(Supplied data):
______________________________
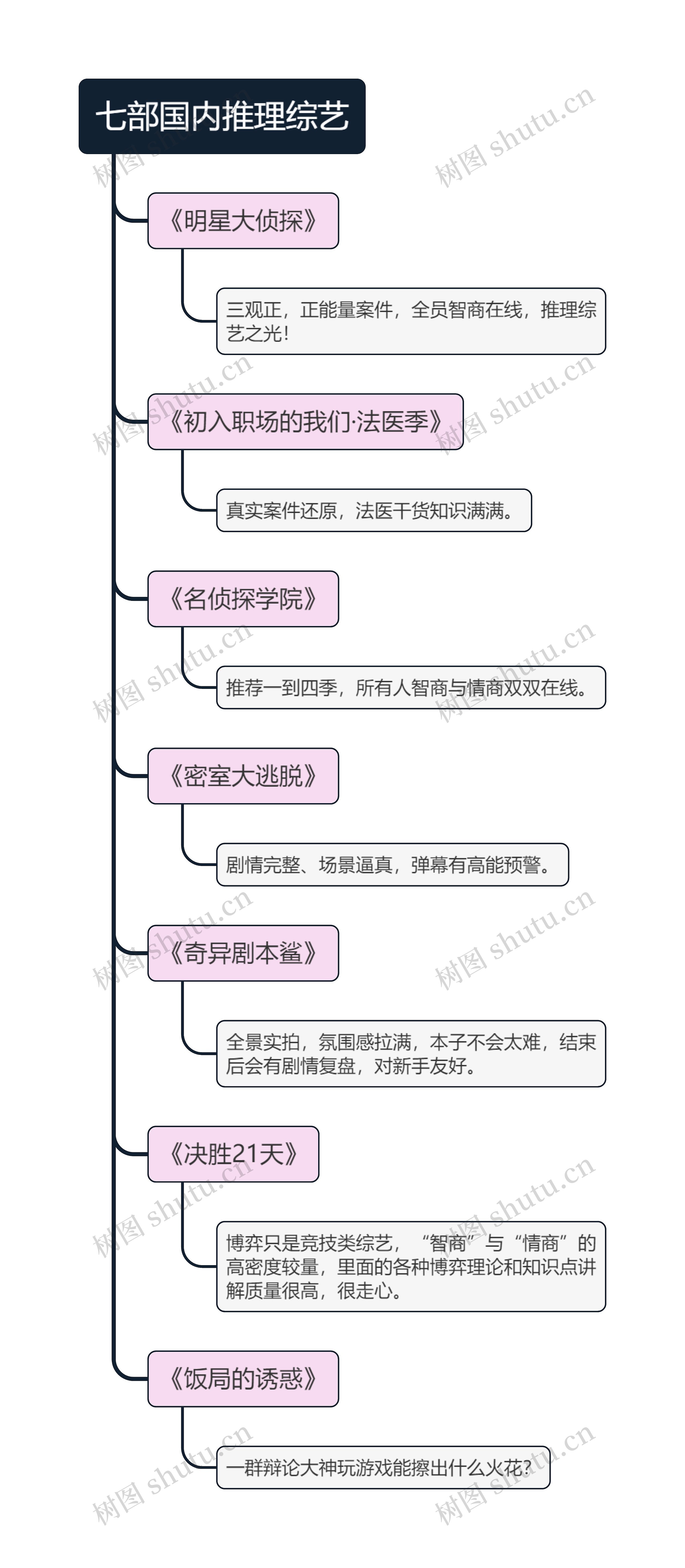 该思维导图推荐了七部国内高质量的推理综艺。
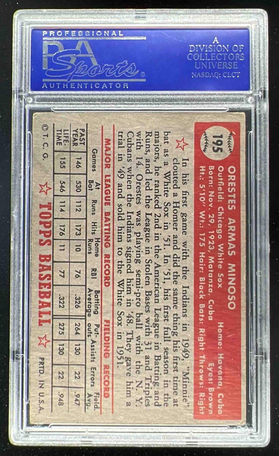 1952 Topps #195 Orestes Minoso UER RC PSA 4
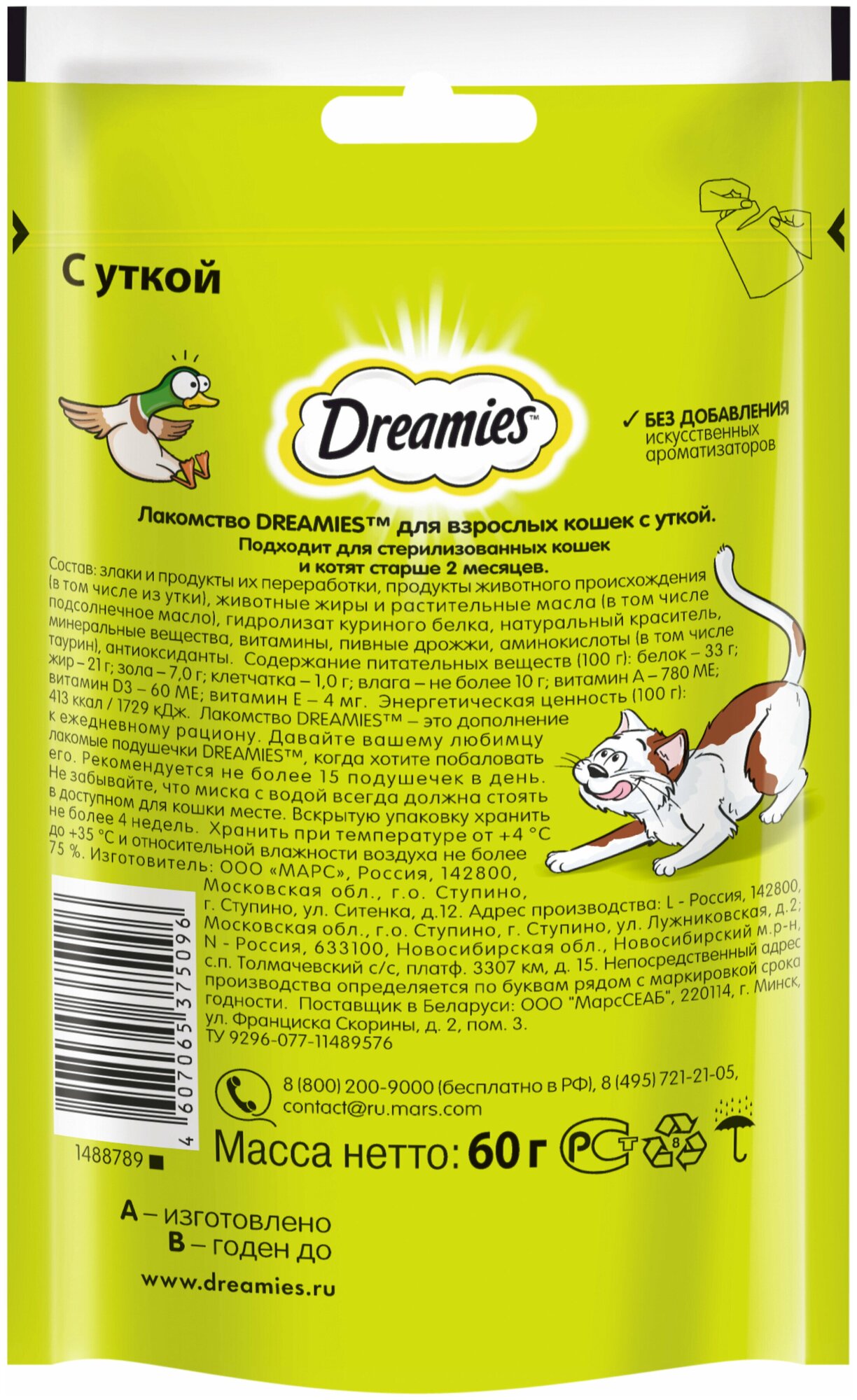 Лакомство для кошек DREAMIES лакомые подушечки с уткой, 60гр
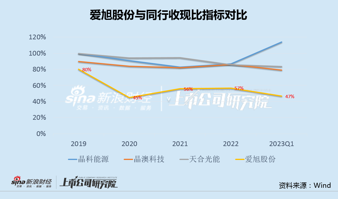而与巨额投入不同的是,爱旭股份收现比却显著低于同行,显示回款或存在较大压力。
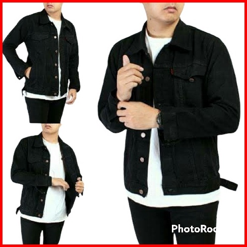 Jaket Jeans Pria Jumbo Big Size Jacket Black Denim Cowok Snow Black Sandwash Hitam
______________________________
(What the exercise asks):
The copy should hold exactly the lines from the one containing "1952 Topps #195 Orestes Minoso UER RC PSA 4" through the final line of the records above, both ends included, and no picture.

(Response area):
 1952 Topps #195 Orestes Minoso UER RC PSA 4
 Лакомство для кошек DREAMIES лакомые подушечки с уткой, 60гр
而与巨额投入不同的是,爱旭股份收现比却显著低于同行,显示回款或存在较大压力。
 Jaket Jeans Pria Jumbo Big Size Jacket Black Denim Cowok Snow Black Sandwash Hitam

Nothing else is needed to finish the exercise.